WHAT TO PRODUCE:
Your task is to filter the entries and copy every line containing the string "kitchen".

[SUPPLIED INFORMATION]

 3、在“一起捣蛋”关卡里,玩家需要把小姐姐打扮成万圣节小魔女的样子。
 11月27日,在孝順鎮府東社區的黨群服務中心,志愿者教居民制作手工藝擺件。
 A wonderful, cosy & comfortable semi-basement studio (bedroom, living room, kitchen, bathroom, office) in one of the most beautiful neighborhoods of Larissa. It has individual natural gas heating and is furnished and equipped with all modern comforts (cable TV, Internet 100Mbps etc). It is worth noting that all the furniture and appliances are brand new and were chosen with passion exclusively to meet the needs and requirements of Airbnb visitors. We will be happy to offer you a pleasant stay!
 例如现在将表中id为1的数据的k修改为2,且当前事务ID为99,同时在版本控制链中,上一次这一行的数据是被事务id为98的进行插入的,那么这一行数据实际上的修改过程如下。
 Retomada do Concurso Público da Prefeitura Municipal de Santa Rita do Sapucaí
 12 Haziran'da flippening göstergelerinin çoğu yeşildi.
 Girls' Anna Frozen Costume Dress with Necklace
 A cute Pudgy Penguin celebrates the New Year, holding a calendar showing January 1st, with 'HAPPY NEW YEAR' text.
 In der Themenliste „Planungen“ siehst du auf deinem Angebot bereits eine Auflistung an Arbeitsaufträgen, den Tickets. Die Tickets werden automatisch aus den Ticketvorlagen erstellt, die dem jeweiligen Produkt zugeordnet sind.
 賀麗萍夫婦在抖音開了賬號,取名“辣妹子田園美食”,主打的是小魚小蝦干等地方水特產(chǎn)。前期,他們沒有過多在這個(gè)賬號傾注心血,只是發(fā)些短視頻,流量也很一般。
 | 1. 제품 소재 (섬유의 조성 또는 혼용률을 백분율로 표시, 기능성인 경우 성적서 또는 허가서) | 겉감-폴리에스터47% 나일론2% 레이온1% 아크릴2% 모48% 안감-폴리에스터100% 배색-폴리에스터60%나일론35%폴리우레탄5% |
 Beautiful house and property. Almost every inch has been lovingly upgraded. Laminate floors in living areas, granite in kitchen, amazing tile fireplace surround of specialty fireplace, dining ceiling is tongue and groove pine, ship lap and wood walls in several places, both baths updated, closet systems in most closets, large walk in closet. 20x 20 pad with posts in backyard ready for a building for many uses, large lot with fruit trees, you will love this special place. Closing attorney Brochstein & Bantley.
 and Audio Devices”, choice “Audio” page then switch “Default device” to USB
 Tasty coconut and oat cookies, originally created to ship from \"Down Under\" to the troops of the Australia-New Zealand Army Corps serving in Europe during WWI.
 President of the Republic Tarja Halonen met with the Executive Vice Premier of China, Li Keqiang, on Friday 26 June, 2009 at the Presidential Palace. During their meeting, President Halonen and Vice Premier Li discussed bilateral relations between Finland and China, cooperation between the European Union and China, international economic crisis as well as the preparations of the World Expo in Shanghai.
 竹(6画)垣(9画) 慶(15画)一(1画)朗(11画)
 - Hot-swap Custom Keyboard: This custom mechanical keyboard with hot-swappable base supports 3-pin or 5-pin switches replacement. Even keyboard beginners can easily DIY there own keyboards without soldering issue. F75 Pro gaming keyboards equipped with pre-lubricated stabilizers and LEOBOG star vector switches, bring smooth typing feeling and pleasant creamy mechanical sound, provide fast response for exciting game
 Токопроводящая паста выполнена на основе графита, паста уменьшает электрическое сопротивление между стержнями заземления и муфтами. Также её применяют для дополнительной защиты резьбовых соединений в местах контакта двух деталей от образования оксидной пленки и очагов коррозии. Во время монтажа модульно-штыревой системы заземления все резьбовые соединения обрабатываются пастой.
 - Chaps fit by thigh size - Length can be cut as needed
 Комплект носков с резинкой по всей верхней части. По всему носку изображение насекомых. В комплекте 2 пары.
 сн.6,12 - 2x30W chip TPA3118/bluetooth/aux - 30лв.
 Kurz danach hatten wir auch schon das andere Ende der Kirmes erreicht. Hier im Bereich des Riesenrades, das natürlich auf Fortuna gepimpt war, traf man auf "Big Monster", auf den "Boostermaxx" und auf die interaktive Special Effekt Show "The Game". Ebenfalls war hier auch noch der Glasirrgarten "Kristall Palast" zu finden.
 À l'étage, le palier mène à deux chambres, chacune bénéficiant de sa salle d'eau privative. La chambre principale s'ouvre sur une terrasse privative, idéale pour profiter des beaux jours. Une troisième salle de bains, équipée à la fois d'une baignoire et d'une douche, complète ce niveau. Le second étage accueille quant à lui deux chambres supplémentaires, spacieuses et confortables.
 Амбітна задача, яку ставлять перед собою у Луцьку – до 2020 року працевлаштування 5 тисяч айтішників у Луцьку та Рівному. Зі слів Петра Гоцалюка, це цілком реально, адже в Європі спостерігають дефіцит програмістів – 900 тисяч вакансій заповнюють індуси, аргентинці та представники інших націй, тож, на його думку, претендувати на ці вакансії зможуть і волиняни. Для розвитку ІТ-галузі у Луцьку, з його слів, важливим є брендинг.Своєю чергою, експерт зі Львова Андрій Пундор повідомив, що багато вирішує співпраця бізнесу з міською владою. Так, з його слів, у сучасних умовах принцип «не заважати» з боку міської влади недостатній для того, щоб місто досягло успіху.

[/SUPPLIED INFORMATION]

ANSWER AREA:
 A wonderful, cosy & comfortable semi-basement studio (bedroom, living room, kitchen, bathroom, office) in one of the most beautiful neighborhoods of Larissa. It has individual natural gas heating and is furnished and equipped with all modern comforts (cable TV, Internet 100Mbps etc). It is worth noting that all the furniture and appliances are brand new and were chosen with passion exclusively to meet the needs and requirements of Airbnb visitors. We will be happy to offer you a pleasant stay!
 Beautiful house and property. Almost every inch has been lovingly upgraded. Laminate floors in living areas, granite in kitchen, amazing tile fireplace surround of specialty fireplace, dining ceiling is tongue and groove pine, ship lap and wood walls in several places, both baths updated, closet systems in most closets, large walk in closet. 20x 20 pad with posts in backyard ready for a building for many uses, large lot with fruit trees, you will love this special place. Closing attorney Brochstein & Bantley.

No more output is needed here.